Fig 5C shows WT Fibroblasts were incubated with ALA for 24 hours in either a 24-well or a 96-well microplate for 24 hours; 405nm light was delivered (inside the incubator) with the 24 or 96-well MPS, respectively. The duration was kept fixed at 20 minutes while the irradiance was varied (0.75, 1.5, 3, 4.5, and 6 mW/cm²) between conditions. Thus, fluence was modulated with the irradiance parameter (since fluence = irradiance ⋅ time) and the percent of PpIX photobleaching is depicted with increasing fluence along the x-axis. For both the 96 and 24-well formats, there is significant photobleaching observed (p < 0.001) between no light and 0.75mW/cm2² irradiance (a fluence dose of 0.9 J/cm2), as well as between the.75mW/cm2² and the 1.5mW/cm2² condition (a fluence dose of 1.8J/cm2²). There is also significant difference between the 1.5mW/cm2² and 3mW/cm2²(fluence dose of 3.6J/cm2²) conditions in both the 96-well(p < 0.001) and 24-well (p < 0.01) formats. The difference between light treatment at an irradiance of 3mW/cm2 and 4.5mW/cm2 (a fluence dose of 5.4J/cm2) was significantly different for the 96-well formats but not for the 24-well formats (even though the 2 microplate formats did not have values significantly from each other at that point). This is likely due to the smaller number of samples per plate used for the 24-well experiments (3 independent plates with 3 wells per plate in the 24-well and 3 independent plates with 7 wells per plate for the 96-well). There was no statistical significance between light treatment of irradiance 4.5mW/cm2² and an irradiance of 6mW/cm2²(a fluence dose of 7.2J/cm2) in either microplate formats. Importantly, there was no significant difference in photobleaching between the 2 microplate formats at all values of delivered fluence.
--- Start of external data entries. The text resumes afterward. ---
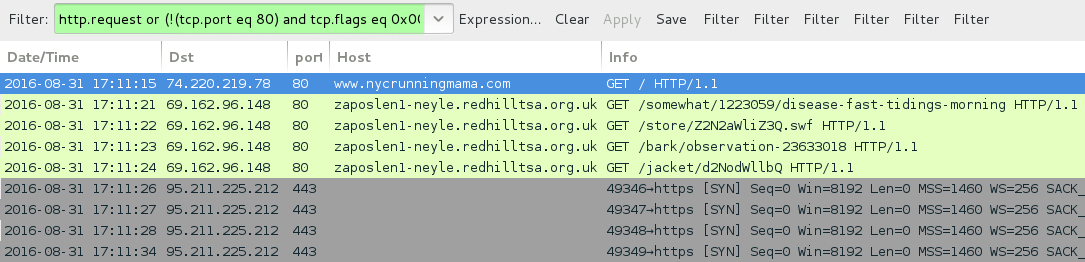 Shown above: Traffic from the pcap filtered in Wireshark. Wireshark filter: http.request or (!(tcp.port eq 80) and tcp.flags eq 0x0002)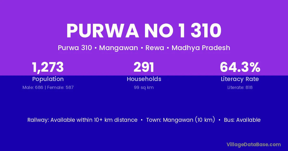 There are approximately 291 households in Purwa No 1 310 village.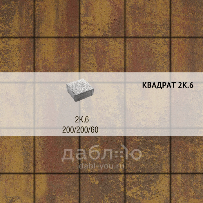 Брусчатка Выбор Квадрат Листопад 2К.6 Осень. Правильная форма этой плитки дает возможность создавать разные рисунки для мощения, при этом отлично сочетаясь с формами других коллекций плитки.Высота: 60 мм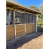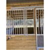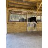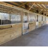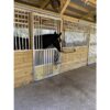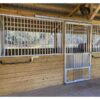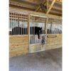 The builder for Ms. Hunt reached out to Armour, preconstruction, to order this 8 stall barn full of Armour Horse Stalls. Front of stalls are equipped with Coolbreeze Sliding Stall Doors with Scuff and Fold Down Tops. The bar spacing on the top of the door is Armour’s standard 3″ between bar spacing and the lower middle has a 1″ spacing. The extreme bottom kick panel has lumber installed by the builder to match the stall walls. Front Grills are equipped with a Feeder Access Door and also feature 3″ between the bar spacing. Grill Partitions are between each stall and approximately 144″ in length and 48″ tall. The stall backs are unique with a bar top sliding door, SDSO which also allows wood fill to be installed by the builder. Similar Stall Front Grills were purchased for the back of the stall to add extra airflow on the hottest of Florida summer days! All doors included hardware for rolling the door open, locking and fasteners were included for the installation of each stall grill.
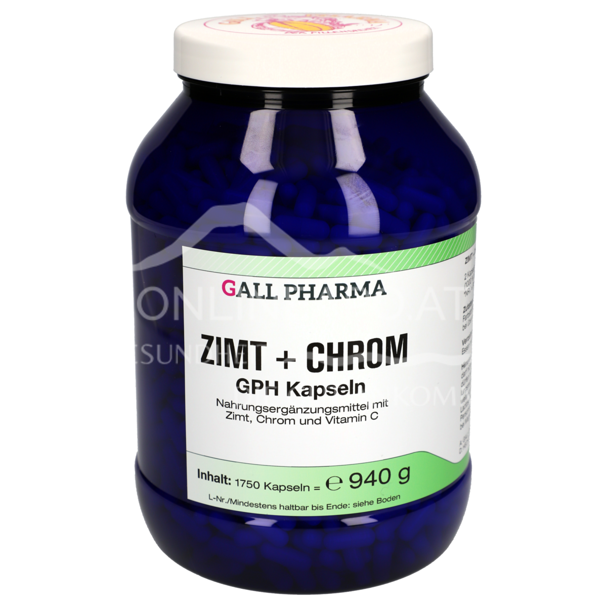 Studien belegen, dass der Verzehr von 3 – 6 g Zimt pro Tag den Blutzuckerspiegel bei Diabetes Typ 2 senkt. Auch eine positive Wirkung auf die Blutfette LDL-Cholesterin, Triglyceride und Gesamtcholesterin wird beschrieben. Das den Blutglucosespiegel beeinflussende Molekül scheint das Flavonoid Methylhydroxylchalconpolymer (MHCP) zu sein. MHCP des Zimts hat in Verbindung mit Insulin synergistische insulinverstärkende Wirkung. Das dreiwertige Chrom ist Bestandteil des Glucosetoleranzfaktors (GTF). Dieser steuert die Bindung von Insulin an den spezifischen Insulinrezeptor der Zellmembran. Chrom aktiviert demnach – insulinabhängig – den Glucosetransport in die Zelle, wodurch der Blutzuckerspiegel sinkt. Organische Chromverbindungen (Chromhefe) werden vom Körper besser resorbiert als anorganische. Vitamin C erhöht die Chromaufnahme. Zimt + Chrom GPH Kapseln sind ein diätetisches Lebensmittel für besondere medizinische Zwecke zur diätetischen Behandlung von Diabetes Mellitus Typ II.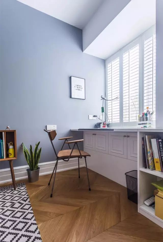 最好还是把飘窗这个位置,完全改成一个小书房,恰到好处的宽度,嵌入一张书桌,收纳空间足够,工作学习都会非常的方便。

The next experiment involved ALA-incubated cells being treated with increasing duration of 405nm light at a fixed irradiance of 1.5mW/cm². The PpIX-associated fluorescence photobleaching at 6h (Fig 5D), 24h (Fig 5E), and 36h (Fig 5F) ALA incubation time-points was assessed, with every duration of radiant exposure (5, 10, and 20 minutes) having statistically significant differences between each condition within the incubation timepoint and also relative to ALA – no light control. The difference was less pronounced, though still significant (p < 0.05), between the 2.5 minutes (fluence dose of 0.2J/cm2²) and 3 minutes (a fluence dose of 0.5J/cm2²) durations in the 6h and 36h ALA incubation graphs. The difference was also less pronounced in the 24h and 36h ALA incubations between the 3min duration and the 10 minute durations, though also still significant at p < 0.01. All other interactions were significant at (p < 0.001), with the full list of interactions and p-values presented S1 Data.
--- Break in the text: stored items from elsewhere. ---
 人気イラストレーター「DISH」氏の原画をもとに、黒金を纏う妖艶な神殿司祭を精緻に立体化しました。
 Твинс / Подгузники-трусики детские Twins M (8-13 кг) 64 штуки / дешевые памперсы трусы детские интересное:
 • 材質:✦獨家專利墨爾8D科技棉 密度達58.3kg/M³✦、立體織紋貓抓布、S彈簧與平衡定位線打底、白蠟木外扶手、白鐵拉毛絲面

In Fig 5G, the effect of pulsation on PpIX photobleaching was explored at a fixed fluence of 1.35 J/cm² and varying duty-cycle (25%, 33.3%, 50%, or 100%) and frequencies (0.5, 1, 3.33, 5, 10, 25 Hz). There is a significant increase in the percent of photobleaching between continuous light (duty cycle of 1) and when when light is pulsed at duty cycles of 33.3% ((p < 0.01) or 25% (p < 0.001). There is also a significant difference in photobleaching between light that is pulsed at 50% and 25% duty cycle. There was no significant difference in PpIX photobleaching levels where frequency conditions were varied but where duty cycle was kept constant.
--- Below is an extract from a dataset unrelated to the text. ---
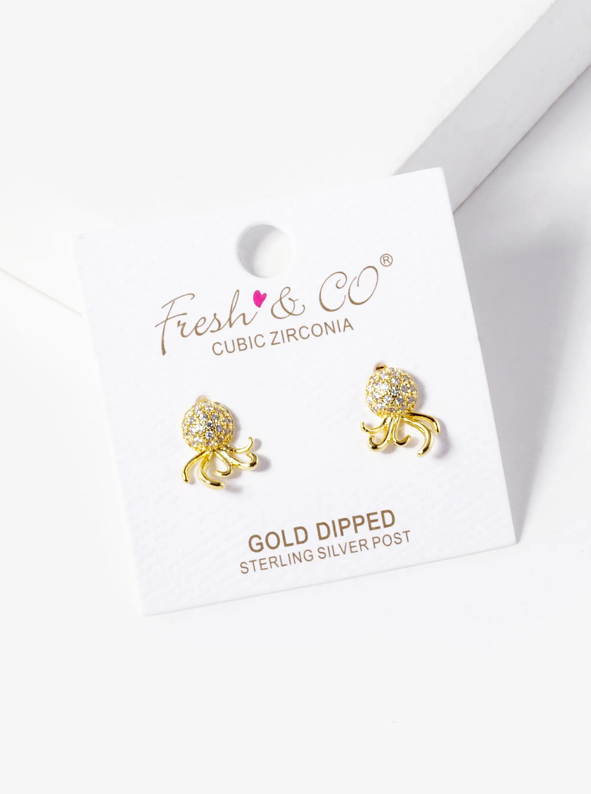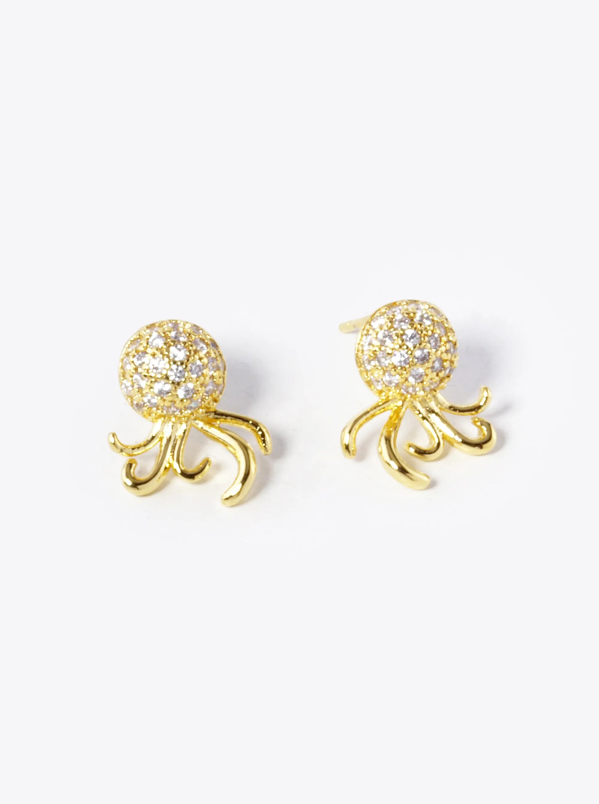 18k Gold Dipped CZ Pave Octopus Stud Earrings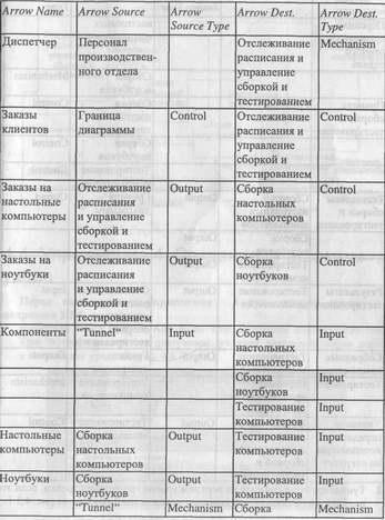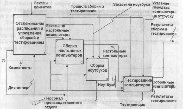 Декомпозируем работу "Сборка и тестирование компьютеров". В результате проведения экспертизы получена следующая информация. Производственный отдел получает заказы клиентов от отдела продаж по мере их поступления. Диспетчер координирует работу сборщиков, сортирует заказы, группирует их и дает указание на отгрузку компьютеров, когда они готовы. Каждые 2 часа диспетчер группирует заказы - отдельно для настольных компьютеров и ноутбуков - и направляет на участок сборки. Сотрудники участка сборки собирают компьютеры согласно спецификациям заказа и инструкциям по сборке. Когда группа компьютеров, соответствующая группе заказов, собрана, она направляется на тестирование. Тестировщики тестируют каждый компьютер и в случае необходимости заменяют неисправные компоненты. Тестировщики направляют результаты тестирования диспетчеру, который на основании этой информации принимает решение о передаче компьютеров, соответствующих группе заказов, на отгрузку. 1. На основе этой информации внесите новые работы и стрелки (табл. 4.3.1 и 4.3.2). Таблица 4.3.1. Работы диаграммы декомпозиции А2

The effect of fluence on the photobleaching kinetics of PpIX-associated fluorescence

To explore ALA-induced PpIX photobleaching kinetics as a function of fluence, a variety of irradiances and radiant exposure durations were set up on a single 96-well microplate, with ALA added to all conditions except the no ALA – no light control used for background subtraction. In addition to the ALA – no light condition, combinations of 5 positive values of irradiance and 5 positive values of duration created a total of 24 distinct groups with any of 12 possible total fluence values (see S3 File for details on these conditions). The effect of these delivered on PpIX fluorescence with the combination of different irradiances and durations of treatment were then plotted to compare the 6h, 24h, and 36h ALA incubation experiments (Fig 6A, 6B and 6C, respectively).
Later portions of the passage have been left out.